Wholesale electricity prices rocket to £2,500 MWh as winter power crunch begins to bite

Electricity grid infrastructureTightening electricity supply and demand margins in recent days have seen considerable spikes in wholesale electricity prices as the electricity market system struggles to meet demand.

This has required significant intervention by the National Grid and the use of strategic reserves not expected to be used in these mild weather conditions.

Power prices reached almost £200/MWh – against a norm of £40-45/MWh – last week as levels of margin tightened noticeably during periods of low wind. On Wednesday prices as high as £2,500/MWh were being accepted to bring additional generation on stream.

These circumstances were the result, not of any reductions in installed capacity within the system as a whole, but rather reduced levels of supply availability, with many power stations opting to keep units offline or at reduced levels of availability, in some cases in order to reduce costs.

Paul Verrill, director of energy sector data analysts Enappsys, commented:This year has so far seen low levels of wholesale power prices and the impact of this has been a reduction in earning potential at generating units. This has prompted decisions to close some of the plants on the periphery of the market.

“Overall, these plants also now have reduced numbers of generating hours for much of the year as renewable generation output has risen and, until now, when margin has been squeezed, the price of wholesale power has not increased to reflect this tightening.

“Ultimately the high prices we have seen in the past couple of days may encourage units to increase their participation in the market, making more of their capacity available, but the main change in the market that will benefit peripheral generators will be a change to system pricing which went live on 5 November.

“This change is specifically designed to bring higher prices into the market during times of peak demand and will hopefully encourage plants considering closure to remain active in the market. It will then be up to these plants to make the most of the opportunities these price and market changes will bring.

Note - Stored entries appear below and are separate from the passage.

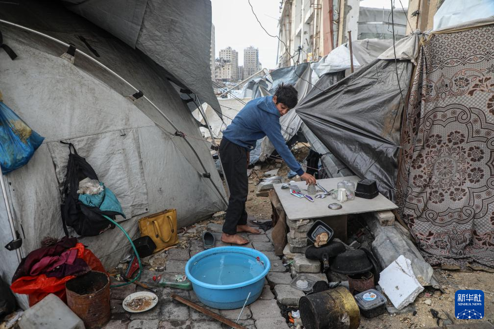 1月13日,一名巴勒斯坦男孩在加沙城整理帐篷外的物品。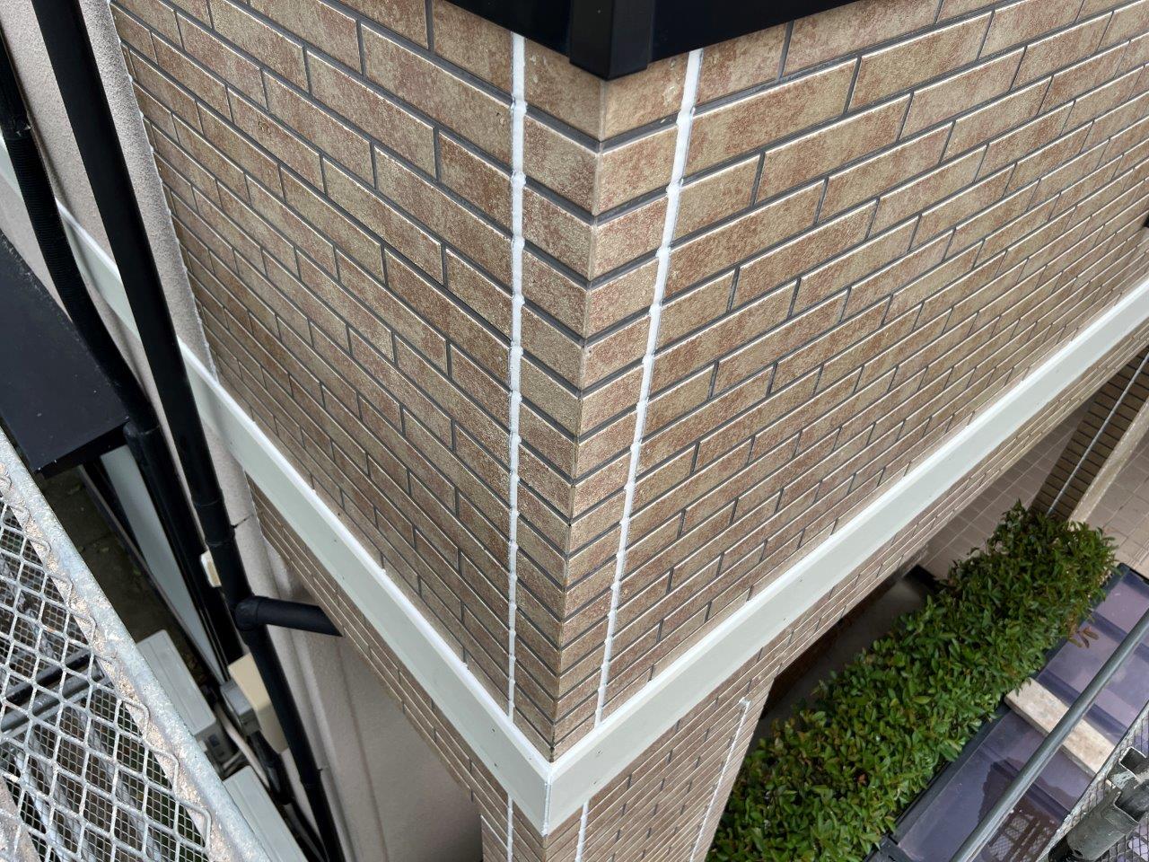 レンガ調のサイディングは色分けでWB工法で塗装します。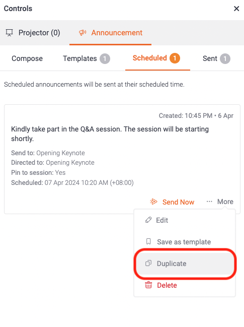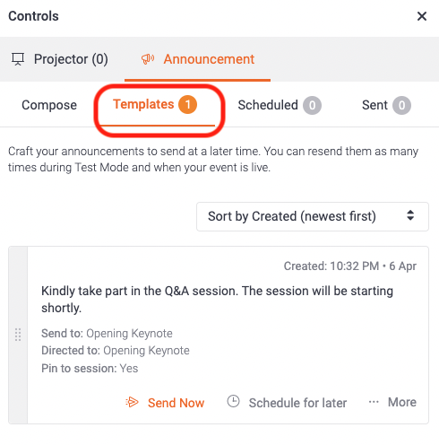 Announcement templates are great when you need to send the same announcement to multiple sessions. Instead of creating them from scratch, you can create the announcement as a template that you can re-use throughout the event.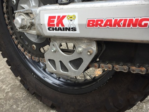 チェーンガイドは黒い部分に切れ目を入れてもらい(ボルト穴のスペーサーも綺麗にカットしなきゃなので自分でやろうとするとかなり大変。しかも一発勝負!)、チェーンを外さなくてもガイドだけ外せるようにしてもらいました(ちょっと頑張る感じですが)。外側のカバーはフサベルの流用です。
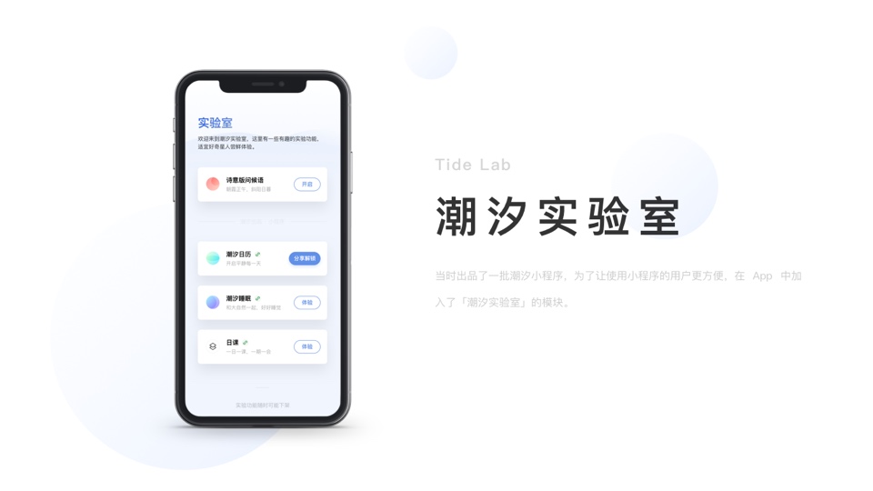 当时出品了一批潮汐小程序,为了让使用小程序的用户更方便,在 App 中加入了「潮汐实验室」的模块。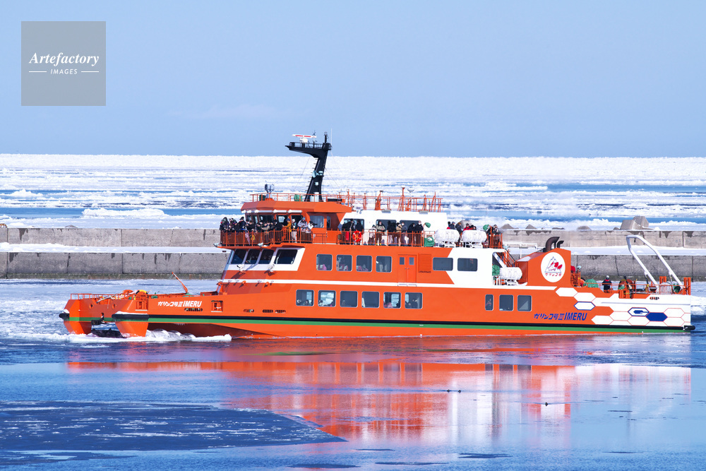| 作品タイトル | ガリンコ号? IMERUと流氷と紋別港 | モデルリリース | なし | |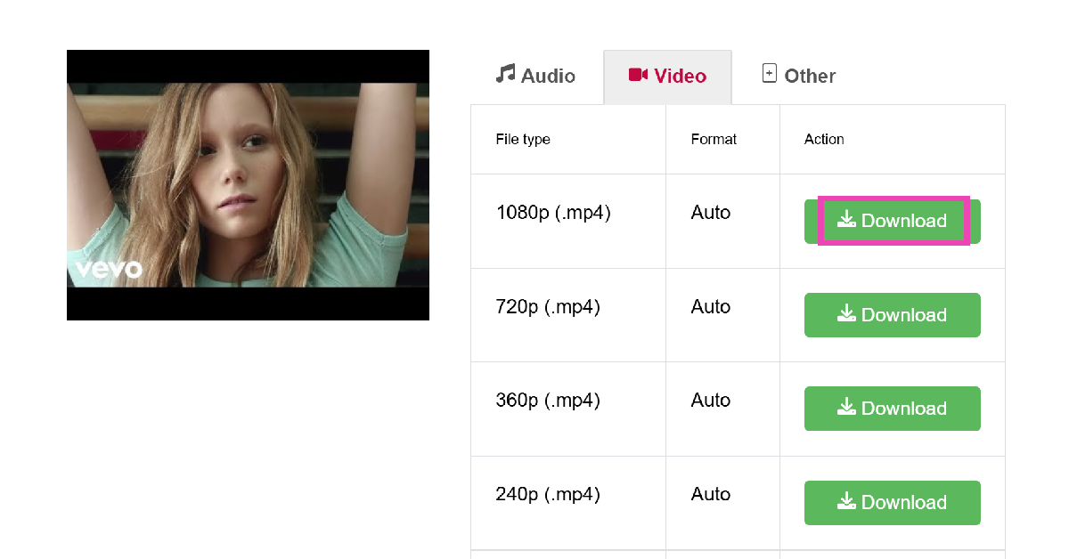 4. Adım:Geçişvideo sekmesiVe vurİndirmek.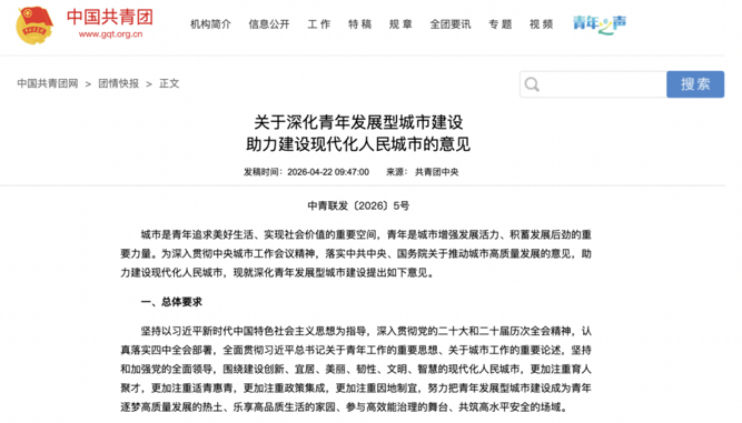 关于深化青年发展型城市建设助力建设现代化人民城市的意见中青联发〔2026〕5号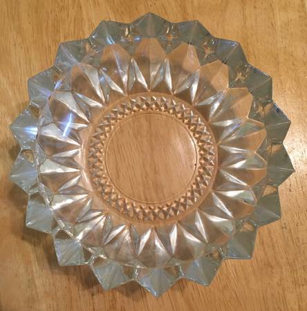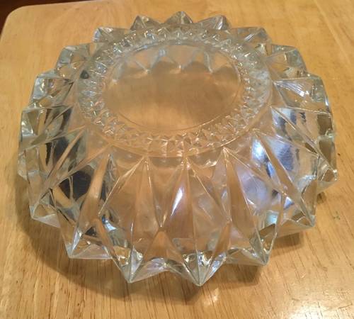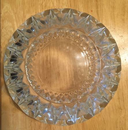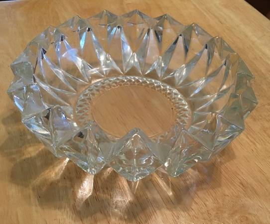 VINTAGE 8" CLEAR FOREVER CRYSTAL GLASS CIGAR / CIGARETTE SLOT ASHTRAY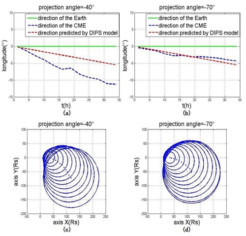 共转相互作用区(CIR)是太阳风中的一种重要的结构,当快速CME传播在行星际空间中,与CIR发生相互作用时,也会改变原有的传播路径。因此,对CIR影响下的CME偏转过程进行数值模拟研究是十分重要的。沈芳团队的博士生刘佑生等人基于GCS模型构建了一种新的三维CME磁绳模型(如图2),模拟了快速CME在行星际空间的传播及偏转过程。结果表明:当快速CME在行星际空间传播时,其传播方向会向东偏转;当其与西侧的CIR发生相互作用时,由于受到CIR的阻碍,其偏转情况跟前者相比会有所加剧(图2),图2(a)和(c)表示有CIR作用情况下快速CME的偏转,图2(b)和(d)表示没有CIR作用情况下快速CME的偏转。相关工作发表于The Astrophysical Journal杂志.

“In the medium to long term, without these better market conditions, new build power capacity might simply push those plants that are currently comfortable in the market to the periphery and then potentially out of the market all together.  While the electricity market can only support a certain sized fleet at a sufficient level of run hours, any additional installations will only exacerbate the profitability issues at marginal plants.

“For a number of years the market has been shifting away from a model in which large and efficient power stations deliver power based upon baseload or peak profiles and the growth of renewables has resulted in a more fractured market with a requirement to adapt to changes and account for uncertainties.”

“The issue for the power sector is therefore not necessarily about the need for new capacity, but that the market is moving away from the old base loading model to a more dynamic and flexible system at a time when much of the existing system is still set up for the ‘old world’ system and still in a state of transition.”